We spent the morning going through the motions, unable to stop checking the TV on our back wall, tuned to CNN. They left up an image of the mostly empty chamber where a man had set himself on fire more than two years ago. Aides puttered around, waiting for the vote. Everyone was filled with the dread of not knowing what the next day would bring, if we’d wake up in the morning and the country would be dissolved and money wouldn’t come out of the ATM and the water would be shut off. I pretended to peck around some work until the afternoon when Kate poked her head in.
“Hey, Wall Street, any interest in taking a walk?”
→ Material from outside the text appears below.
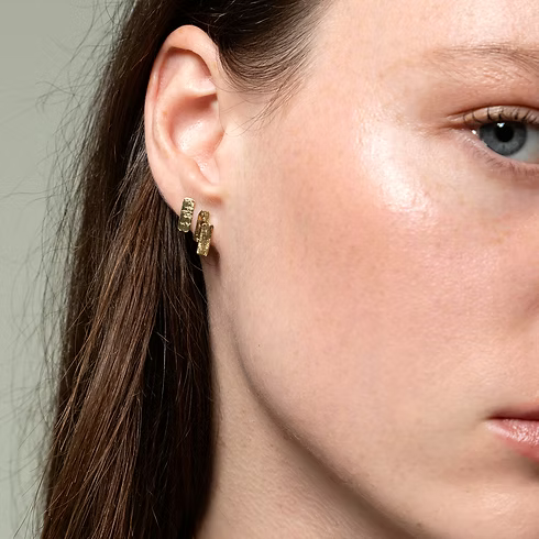 Deux rectangles, un léger décalage, et hop : le charme opère. Ces Puces Double Adama jouent la carte du relief avec leurs deux estampes martelées soudées à la main, dorées à l’or fin 24 carats. Un bijou à la fois minimal et affirmé, pile dans l’équilibre parfait entre design brut et raffinement. Entièrement réalisées à la main dans l’atelier parisien de la créatrice, elles sont uniques comme nous.

The two of us strolled down Hylan Boulevard, and then turned east onto Tysens, heading toward the water. She rambled on about nothing in particular, mostly describing the flooding that was slowly eating Staten Island alive, pointing to this or that marker where the bay had backed up the sewer lines, this or that property newly condemned. As we neared the beach, a line of abandoned homes had been left to rot, mold, and rust while they waited for the bulldozer. Pink fiberglass scraps from destroyed walls lay in the yards.
“Holly says the baby isn’t a good sleeper,” said Kate. “She and Dean are averaging about three hours a night. Which sucks. We need her. Other than you, she’s the only real voice of dissent.”
“Sometimes I feel like they all hate me. And I don’t really blame them.”
Kate beamed a smile and kicked a rock out of the road. She walked with her hands in the pockets of black pants that didn’t really fit her. She wore a light thrift-store corduroy jacket with elbow patches over a T-shirt that read YOU ARE SO MUCH LESS ATTRACTIVE WHEN I’M SOBER.
“Maybe you are a capitalist stooge, Jackie. But activists and capitalists have at least one thing in common: They all have tunnel vision. Thinking around and through things isn’t exactly their specialty. Maybe that’s why I’ve been such shit at activism.”
“Don’t fish for compliments,” I told her.
“No, for real. If I could go back to 2018 or so I can’t even start to list the things I would’ve done differently. The chances I missed. I would’ve been surgical, precise. Maybe we could’ve targeted state utility commissions like a laser and actually put a dent in our carbon load. That’s what I mean by tunnel vision. All we’ve ever had is the surety of our cause and that’s apparently not worth much.”